The data can be presented in term of graphical approach or table and numerical descriptive measure for both qualitative dan quantitative data.

2.2 Organizing Data

Charts and graphs

• Frequency distributions are good ways to present the essential aspects of data collections in concise and understandable terms
• Pictures are always more effective in displaying large data collections

Histogram

• Frequently used to graphically present interval and ratio data
• The adjacent bars indicate that a numerical range is being summarized by indicating the frequencies in arbitrarily chosen classes

Figure 1: Histogram – distribution of the ages (in months) of 50 children

Frequency Polygon

• Another common method for graphically presenting interval and ratio data
• To construct a frequency polygon mark the frequencies on the vertical axis and the values of the variable being measured on the horizontal axis, as with the histogram.
• If the purpose of presenting is to compare with other distributions, the frequency polygon provides a good summary of the data

Figure 2: Frequency Polygon – distribution of the ages (in months) of 50 children

Ogive

• A graph of a cumulative frequency distribution
• Ogive is used when one wants to determine how many observations lie above or below a certain value in a distribution.
• First cumulative frequency distribution is constructed
• Cumulative frequencies are plotted at the upper-class limit of each category
• Ogive can also be constructed for a relative frequency distribution.

Figure 3: Ogive distribution of the ages (in months) of 50 children

Pie Chart

• The pie chart is an effective way of displaying the percentage breakdown of data by category.
• The size of angle (°) is determined based on the frequency of group/category
• Useful if the relative sizes of the data components are to be emphasized Pie charts also provide an effective way of presenting ratio- or interval-scaled data after they have been organized into categories
• How to compute angle/degree? \[ x^{\circ} = \frac{f}{\sum{x}} \times 360 \]

Bar Charts

• Another common method for graphically presenting nominal and ordinal scaled data
• One bar is used to represent the frequency for each category
• The bars are usually positioned vertically with their bases located on the horizontal axis of the graph
• The bars are separated, and this is why such a graph is frequently used for nominal and ordinal data – the separation emphasize the plotting of frequencies for distinct categories

Figure 5: Bar Chart – Condition of gym facilities

Stem and Leaf

A stem and leaf plot is a data plot that uses part of a data value as the stem and part of the data value as the leaf to form groups or classes.

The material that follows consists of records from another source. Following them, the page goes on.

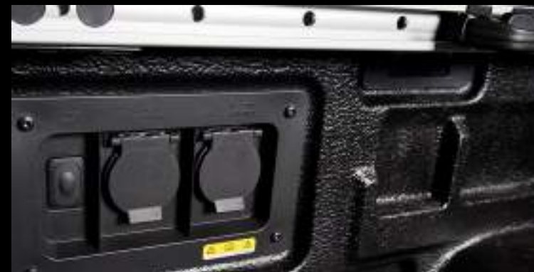
Power On Board - mobilne źródło zasilania (wymaga dopłaty)
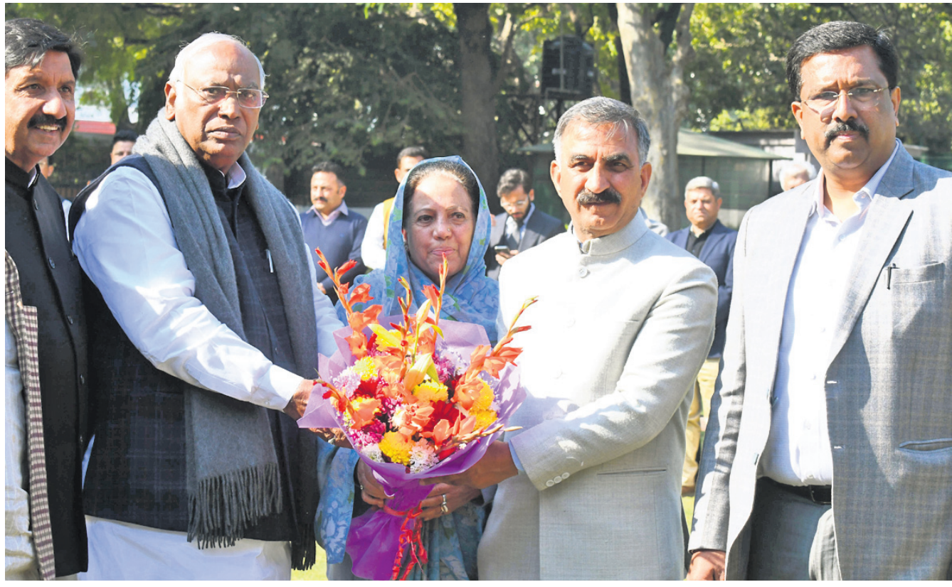
ନୂଆଦିଲ୍ଲୀରେ କଂଗ୍ରେସ ଅଧ୍ୟକ୍ଷ ମଲ୍ଲିକାର୍ଜୁନ ଖାର୍ବେଙ୍କୁ ସ୍ମରଣାର ହିମାଚଳ ପ୍ରଦେଶର ନୂଆ ମୁଖ୍ୟମନ୍ତ୍ରୀ ସୁଖବିନ୍ଦର ସିଂ ସୁଖୁ ଓ ରାଜ୍ୟ କଂଗ୍ରେସ ସଭାପତି ପ୍ରତିଭା ସିଂ ସାକ୍ଷାତ କରୁଛନ୍ତି ।
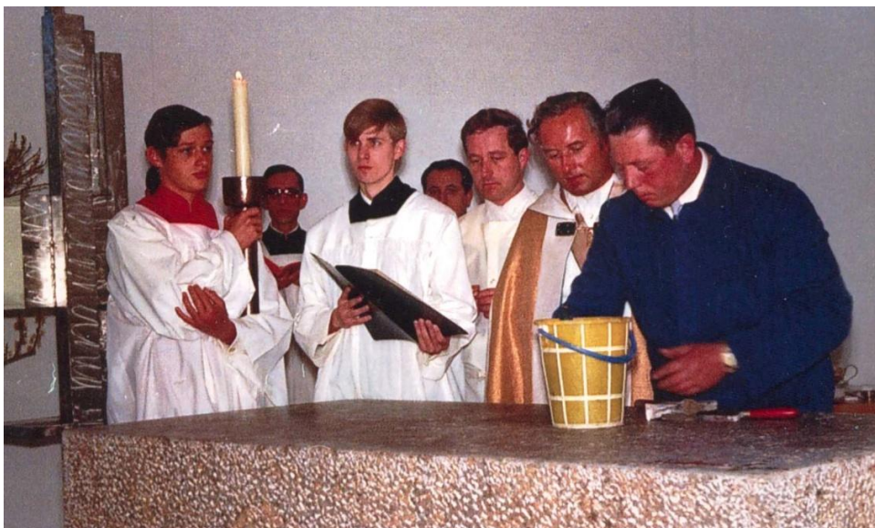
Weihe von St. Katharina am 20. April 1969

Kirchliche Mitteilungen der Katholischen Kirchengemeinde St. Paul / St. Katharina, Esslingen Nr. 3 / 19 01.04. – 31.05.2019
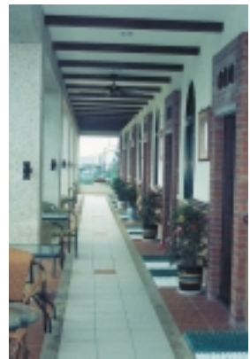
二樓客房雅緻的走廊 景觀
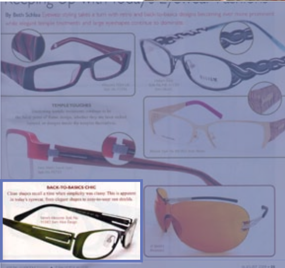
USA Vision Care product News Agosto 2009 pag. 35 VANNI - Meccano
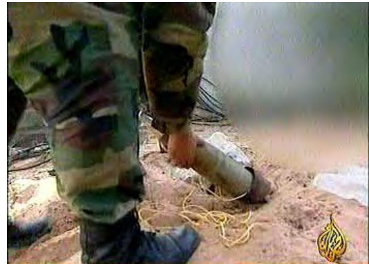
פעילי חמאס מציגים כני שיגור רקטות מחופרים באדמה (אלג'זירה, 28 בפברואר)
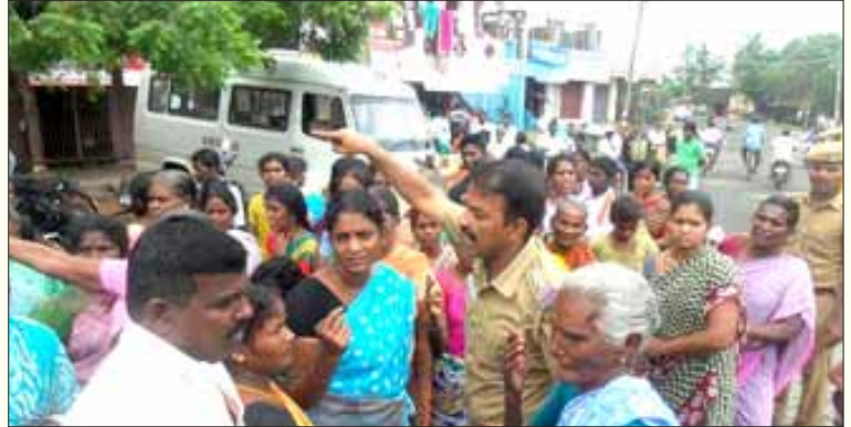
“அ.தி.மு.க.விற்கு ஓட்டுப் போடுவோம்” என சத்தியம் வாங்கிக் கொண்டு நிவாரணப் பொருட்களை வழங்கும் அ.தி.மு.க.வின் கயமைத்தனத்தைக் கண்டித்து கடலூரில் பொதுமக்கள் நடத்திய ஆர்ப்பாட்டம்.

● செம்பரம்பாக்கம் ஏரியை ஆழப்படுத்தும் திட்டத்தில் 30 சதவீதப் பணிகள்கூட நிறைவேற்றப்படவில்லை. இதனால், டிசம்பர் 1 அன்று நள்ளிரவில் அந்த ஏரியிலிருந்து 18,000 கன அடி நீர் வெளியேற்றப்பட்டது. மேட்டுர் அணையிலிருந்து கூட இவ்வளவு

Figure 6: Stem-and-Leaf Diagram

2.3 Numerical descriptive measures (ungrouped)

• Measures of central tendency (mean, median, mode)
• Measure of variation (range, standard deviation, variance, coefficient of variation
• Measure of skewness
• Measures of Position (Q1, Q2, and Q3)

2.3.1 Measures of Central Tendency

Mean

The mean is the quotient of the sum of the values and the total number of values. The symbol \(\bar{x}\) is used for sample mean and is given by the following formula:

\[ \bar{x} = \frac{x_1 + x_2 + x_3 + ... + x_{n-1} + x_n}{n} = \frac{\sum{x}}{n} \] For a population, the Greek letter \(\mu\) (mu) is used for the mean.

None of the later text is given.